House prices soar again: Big surge since EU exit vote smashes economists' expectations
01-11-2017
A SURGE in house prices has defied gloomy warnings of a crash after the Brexit vote.
As much as £4,000 was added to values in December – the highest monthly rise since March as the UK housing market ended the year with a bang.
Prices jumped by 1.7 per cent between November and December, smashing economists’ expectations of a 0.3 per cent rise, according to Britain’s biggest mortgage lender.
It led one expert to describe the housing market as “bulletproof”. Remainers had predicted the June 23 vote to leave the European Union would cause prices to crash.
But values were up 6.5 per cent year-on-year in December and up 2.5 per cent over the past three months of the year.
We do not subscribe to the view that we will see price reductions in 2017
The average property value was £222,484 last month, the Halifax said. “Positive news on house prices simply will not go away,” said Russell Quirk, chief executive of eMoov.
“That is despite the efforts of some to make us accept that the market will weaken in the wake of EU referendum angst. The UK housing market is fundamentally robust – bulletproof even.
“We do not subscribe to the view that we will see price reductions in 2017. The clever money is on yet more positive news to underpin the overall economy this year.”
The good news on house prices came as the FTSE share index hit another high yesterday, closing at 7378.8.
Russ Mould, investment director at AJ Bell, said: “The FTSE 100 extended its winning streak as the clear trend of pound down, stocks up proved to be the investors’ friend once more.
Exporters, firms with overseas assets and dollar earners led the way as the market digested Theresa May’s comment that the UK could fully withdraw from the European market.”

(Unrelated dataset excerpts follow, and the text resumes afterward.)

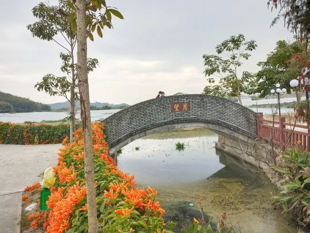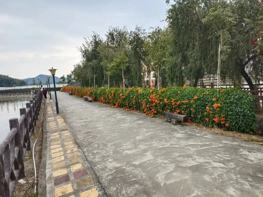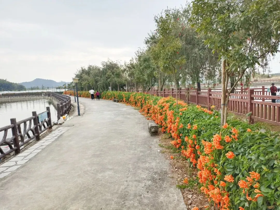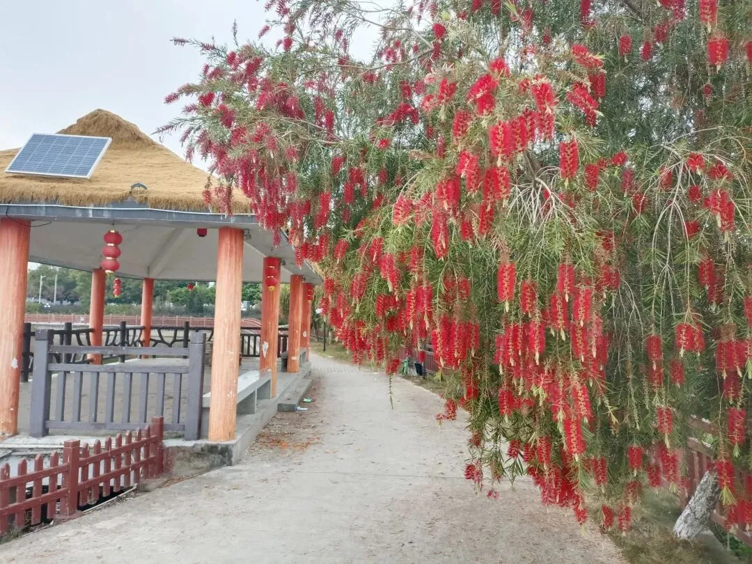 你看,这些垂下的红花,多像一串串红灯笼。 2012年5月,月湄村入选第三批广东省历史文化名镇名村。这里,春天,可以欣赏如画的黄花风铃木;夏天,可以在灯火璀璨的湖边散步。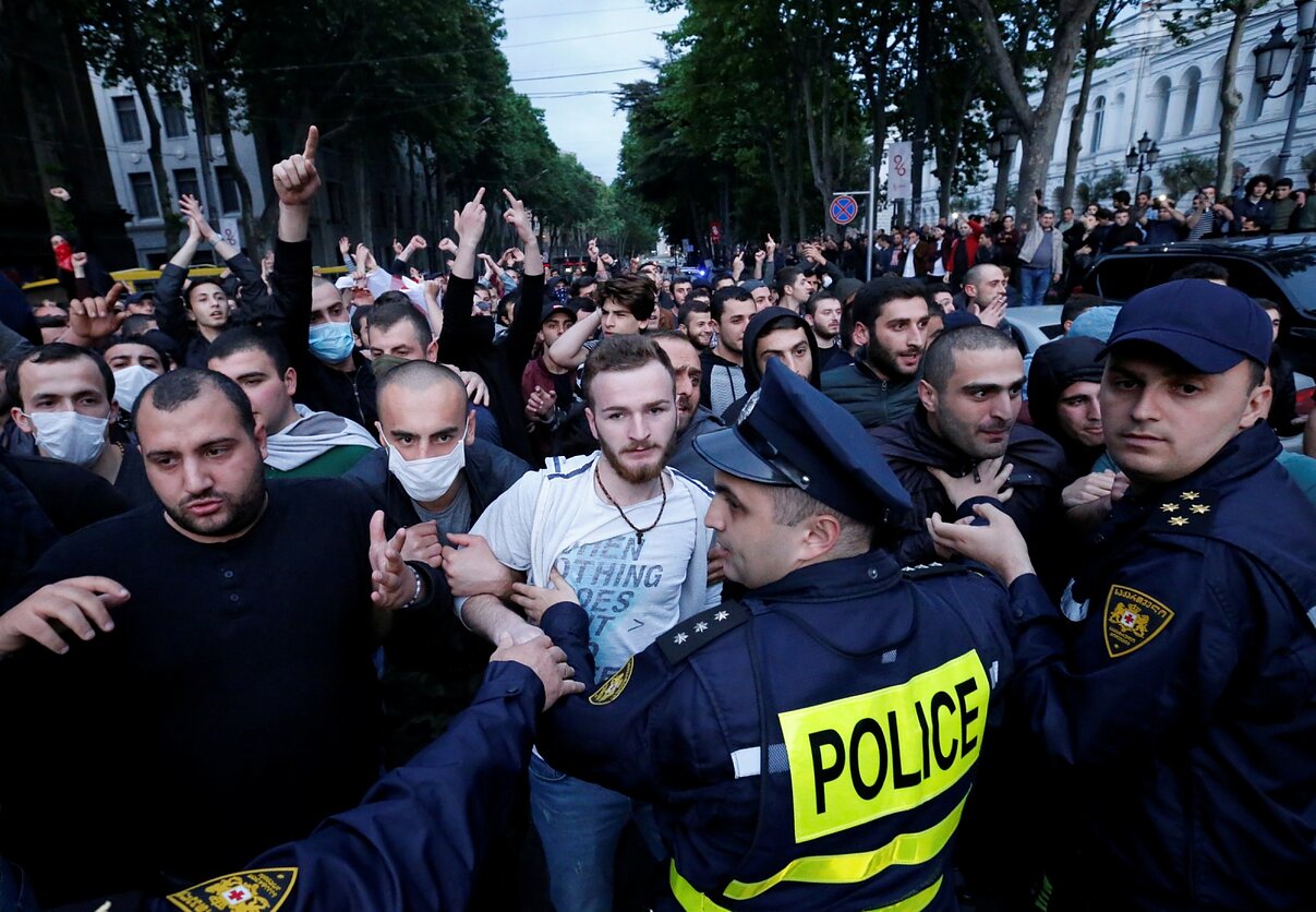 Tbilisio policija ėmėsi veiksmų sostinės Rustavelio prospekte, kraštutinių dešiniųjų jėgų šalininkams bandant prasiveržti prie parlamento pastato, kur vyksta protesto akcija prieš griežtą vyriausybės kovos su narkomanija politiką.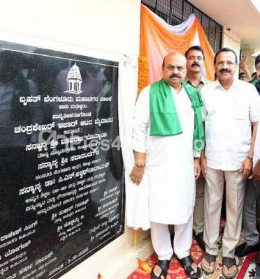Event Description : CM Basavaraj Bommai with Former Union Minister DV Sadananda Gowda and others during inauguration of Senapathi Chandrashekar Azad Grounds, at Malleshwaram, in Bengaluru on Saturday 1st October 2022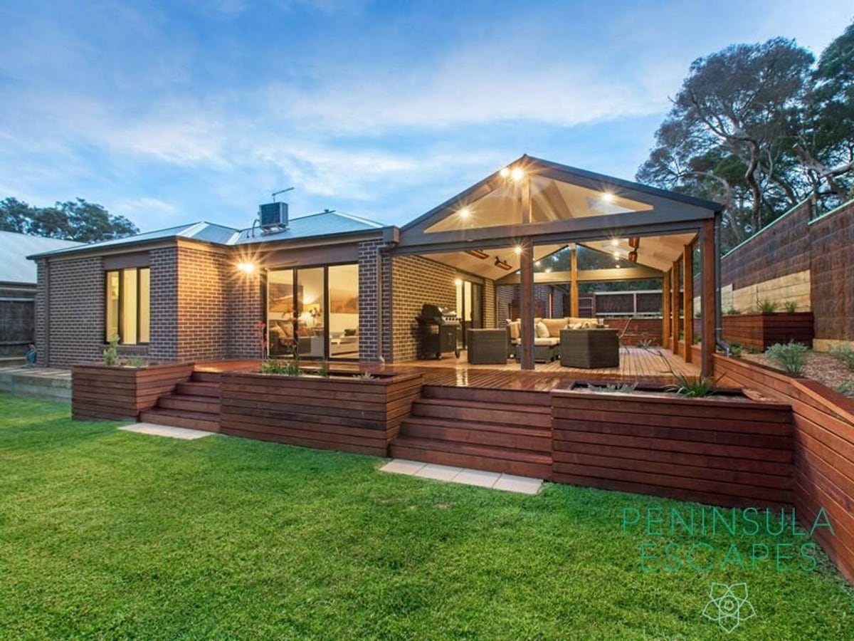 Située à seulement 100 m de la plage principale d'Anglesea, notre maison est parfaitement située pour votre escapade côtière. Ce joyau caché est niché avec un grand espace extérieur pour se détendre en toute intimité, et également à quelques minutes à pied d'un excellent café. La maison se compose de 3 chambres (2 lits Queen Size + 1 lit King Size). Remplie d'art, de livres, d'un grand canapé confortable et d'une cheminée pour un four à bois sur la nouvelle grande terrasse privée. Nous sommes adaptés aux familles, mais vous demandons de respecter toutes les pièces que nous avons laissées là pour que vous puissiez en profiter.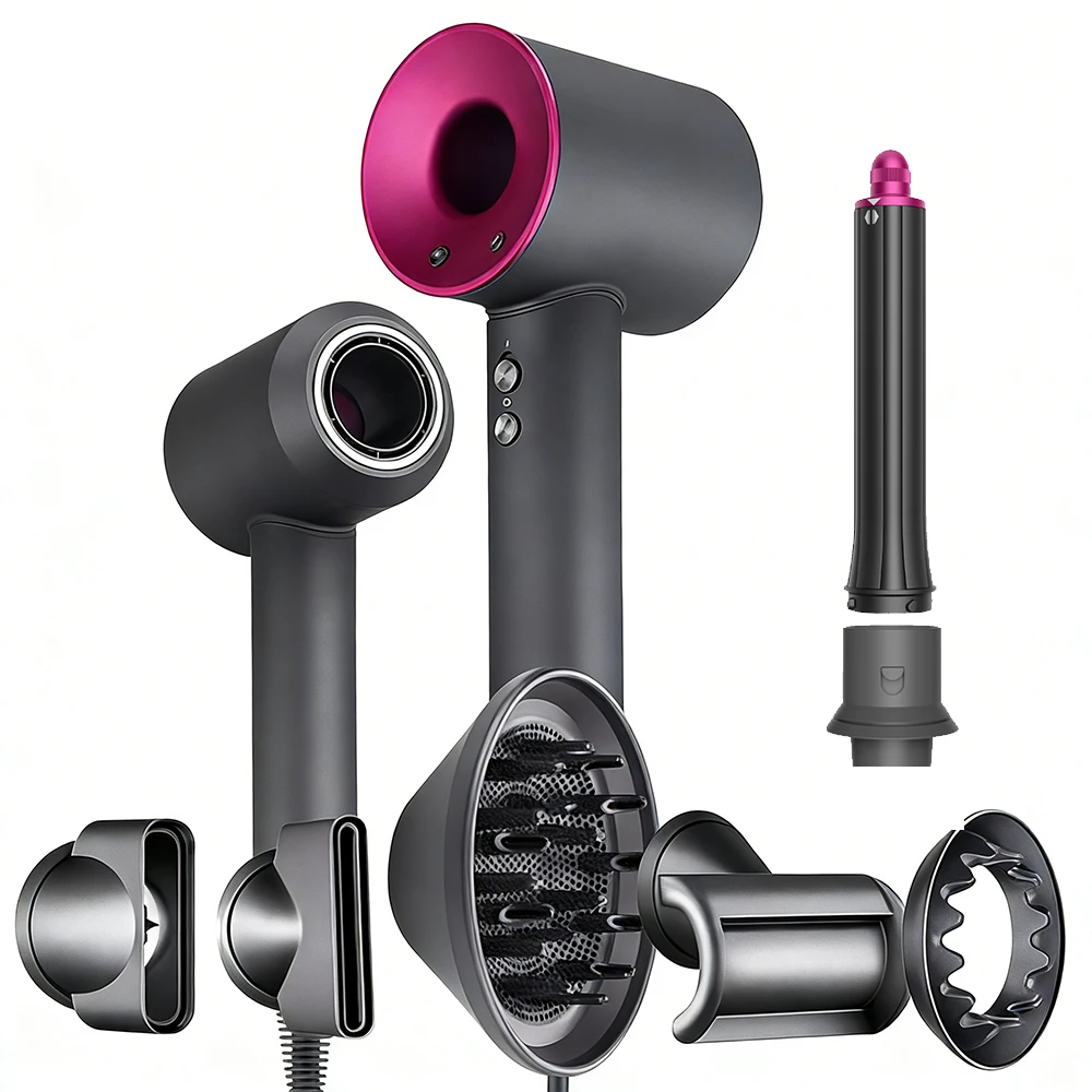 Professional 6 in 1 Hair Dryer 110000rpm High Speed Negative Ions Blow Dryer with 30mm Air Wrap Curlers Salon Hair Styling Tool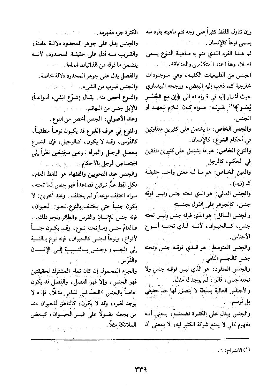 والأجناس الْعَالِيَة بسيطة لَا يتَصَوَّر لَهَا حد حَقِيقِيّ بل ترسم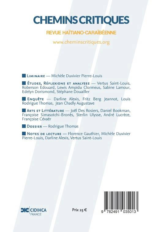 Chemins Critiques, Revue haïtiano-caribéenne, porte son attention d’abord sur Haïti et la sous-région dont ce pays fait partie – à la lumière, bien sûr, du contexte international. Rappelons que Haïti, c’est tout ensemble la portion d’île haïtienne et sa diaspora. La revue haïtiano-caribéenne reflète et affiche cette réalité transnationale dans la composition et la localisation de son comité de rédaction. Ce comité réunit des membres venant d’Haït-Île et de sa diaspora, et de la Caraïbe ; il est pluri-localisé, structuré en noyaux locaux inter-connectés.

Russell Quirk stressed just how wrong Brexit doom-mongers have been.
He said: “Record low interest rates, a demand led by an aspirational, home-owning culture and scant supply, will all ensure that property prices remain buoyant – regardless of those using falling prices as a scare tactic.”
The view was echoed by Alex Gosling, of online estate agents HouseSimple.com. He said: “Doom-mongers predicted the UK economy would collapse after we voted to leave the EU.
"They also predicted that house prices would fall off a cliff. Neither has happened.
“On the contrary, four months of price rises confirm the market has gone into 2017 in good health.
“There is still an issue around the lack of new properties but buyers haven’t been scared by Brexit.
“And there’s no reason to believe they will be spooked when Article 50 is triggered. The housing market has proved extremely resilient.”
Mario Berti, CEO of Octopus Property, added: “People who predicted the worst for the UK property market in the wake of the EU Referendum vote have so far been proved wrong.
“Tight supply, high levels of employment and very low borrowing costs are acting as a floor under prices. Sterling weakness will also continue to attract foreign buyers, bolstering prices.
Martin Ellis, Halifax’s housing economist, warned however that the surge in values could slow down this year.
He said: “Slower economic growth, pressure on employment and a squeeze on spending power, together with affordability constraints, are expected to reduce housing demand. “Annual price growth is expected to slow – to 1 to 4 per cent.”
Homeowners in Luton, Bedfordshire, notched up the biggest percentage rise in house prices through 2016. The average value was £256,636 – 19.4 per cent higher than 2015.